◆ What the exercise asks ◆
Reproduce, exactly and in full, the lines from the one with "ていがくねんだんたい 低学年団体" through the one with "Le récitant (detail), 1937, oil" in the data below; drop pictures.

==== Data provided ====

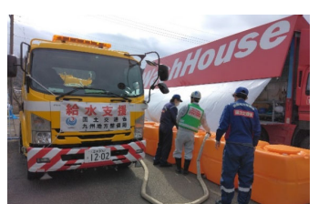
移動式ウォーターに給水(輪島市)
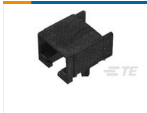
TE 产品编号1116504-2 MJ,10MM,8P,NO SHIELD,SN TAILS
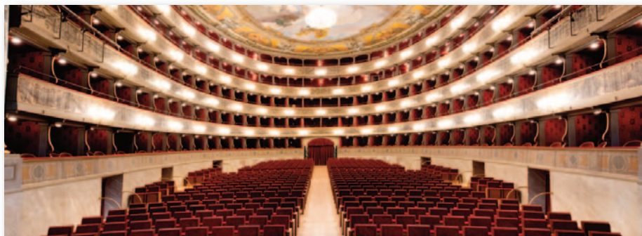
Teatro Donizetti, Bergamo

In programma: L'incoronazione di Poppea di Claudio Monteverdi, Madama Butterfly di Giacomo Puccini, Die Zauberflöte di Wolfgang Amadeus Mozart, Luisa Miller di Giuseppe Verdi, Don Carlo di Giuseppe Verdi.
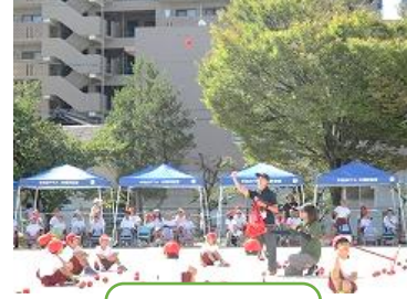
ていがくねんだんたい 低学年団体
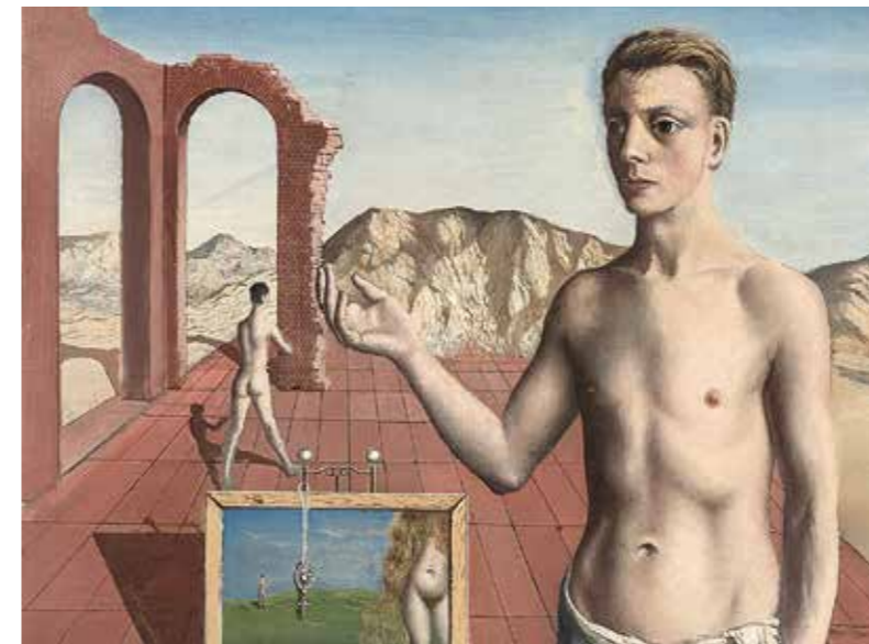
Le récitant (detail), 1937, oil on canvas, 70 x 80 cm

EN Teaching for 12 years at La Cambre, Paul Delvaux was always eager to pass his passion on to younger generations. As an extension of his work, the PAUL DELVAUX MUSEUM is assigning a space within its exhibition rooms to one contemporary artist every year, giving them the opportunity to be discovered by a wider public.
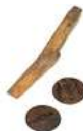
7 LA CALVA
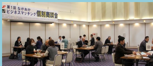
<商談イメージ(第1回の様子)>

====

◆ Result of this task ◆
ていがくねんだんたい 低学年団体
Le récitant (detail), 1937, oil on canvas, 70 x 80 cm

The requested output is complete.